* [Work request]: The reply should hold only the lines below beginning at the one with "A small Napoleon" and ending at the one with "Угорь, лосось, огурец, сыр.", copied exactly, with every picture left out.

Top of Material provided

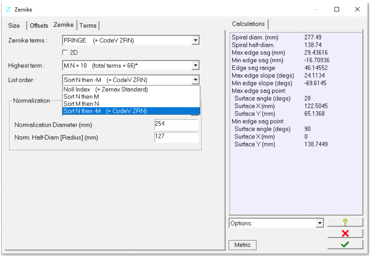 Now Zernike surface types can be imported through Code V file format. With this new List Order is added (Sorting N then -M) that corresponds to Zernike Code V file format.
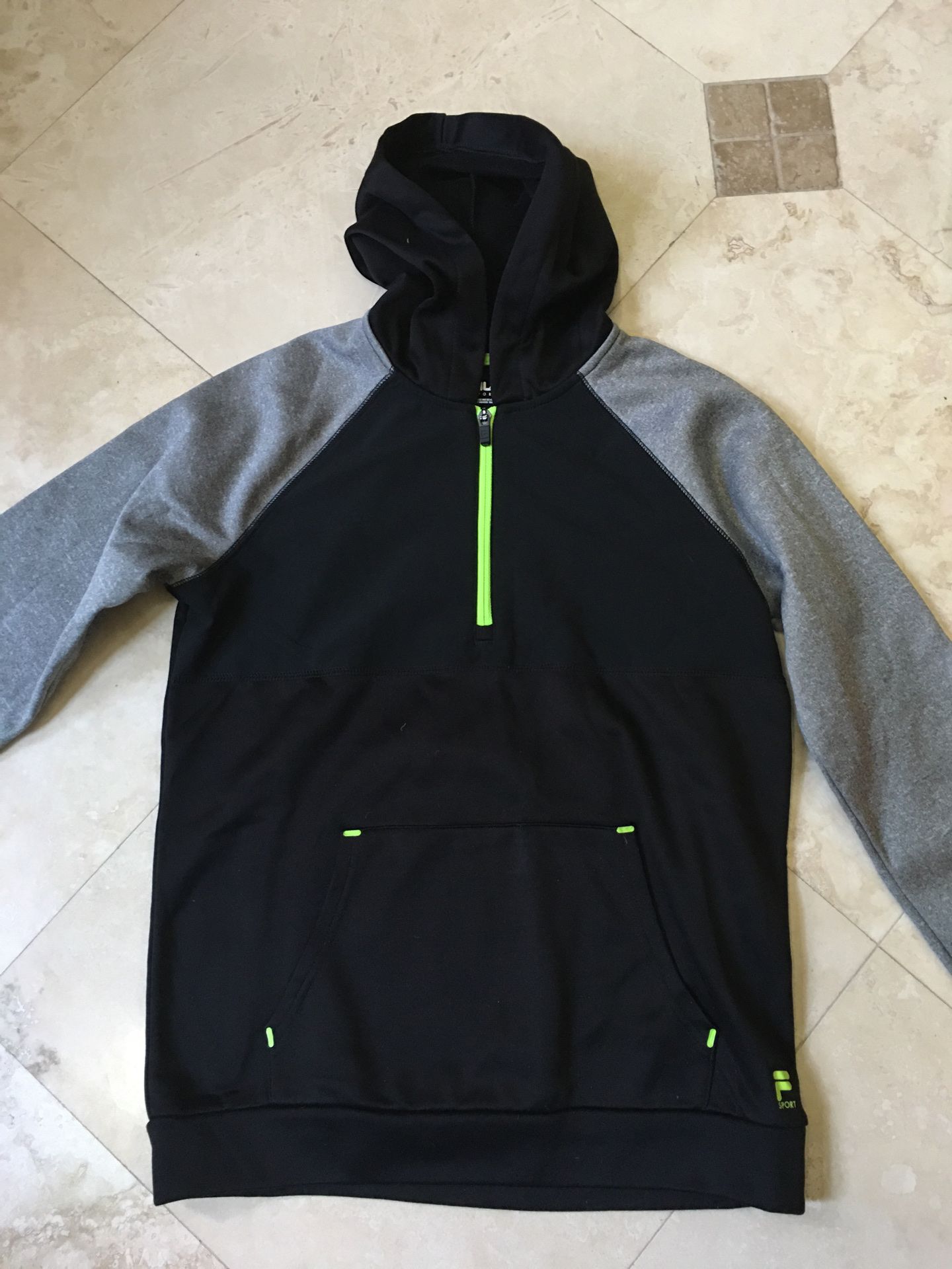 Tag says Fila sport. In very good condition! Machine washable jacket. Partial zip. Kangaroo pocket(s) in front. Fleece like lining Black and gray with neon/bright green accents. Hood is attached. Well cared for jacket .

Bottom of Material provided
Top of Material provided

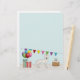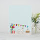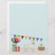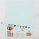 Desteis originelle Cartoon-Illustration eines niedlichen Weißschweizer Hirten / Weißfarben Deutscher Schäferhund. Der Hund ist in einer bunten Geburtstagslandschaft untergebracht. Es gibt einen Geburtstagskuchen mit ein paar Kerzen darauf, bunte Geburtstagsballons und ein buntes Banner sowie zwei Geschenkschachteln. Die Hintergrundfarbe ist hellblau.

Bottom of Material provided
Top of Material provided

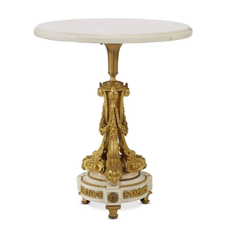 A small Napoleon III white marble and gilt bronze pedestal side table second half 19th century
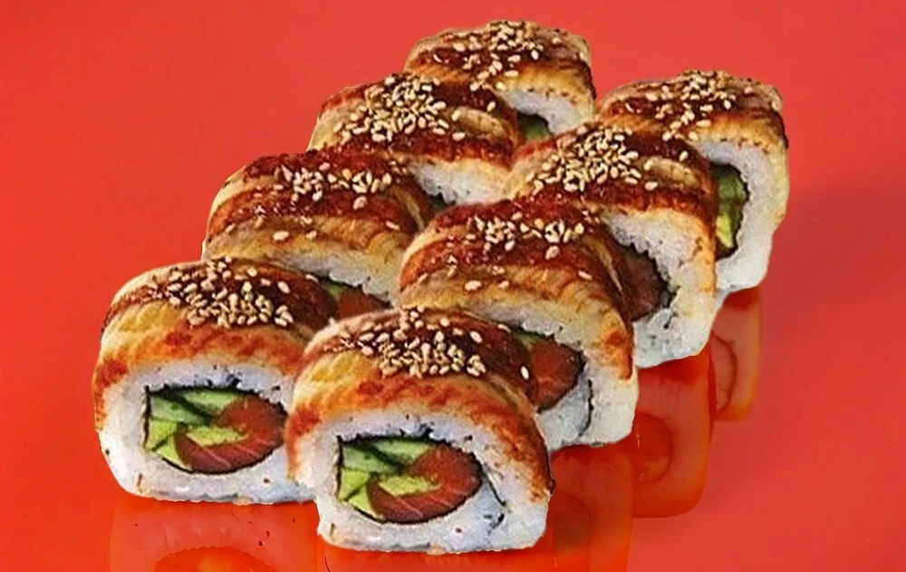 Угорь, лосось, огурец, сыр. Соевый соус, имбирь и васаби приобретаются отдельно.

Bottom of Material provided

* [Completed exercise]:
 A small Napoleon III white marble and gilt bronze pedestal side table second half 19th century
 Угорь, лосось, огурец, сыр. Соевый соус, имбирь и васаби приобретаются отдельно.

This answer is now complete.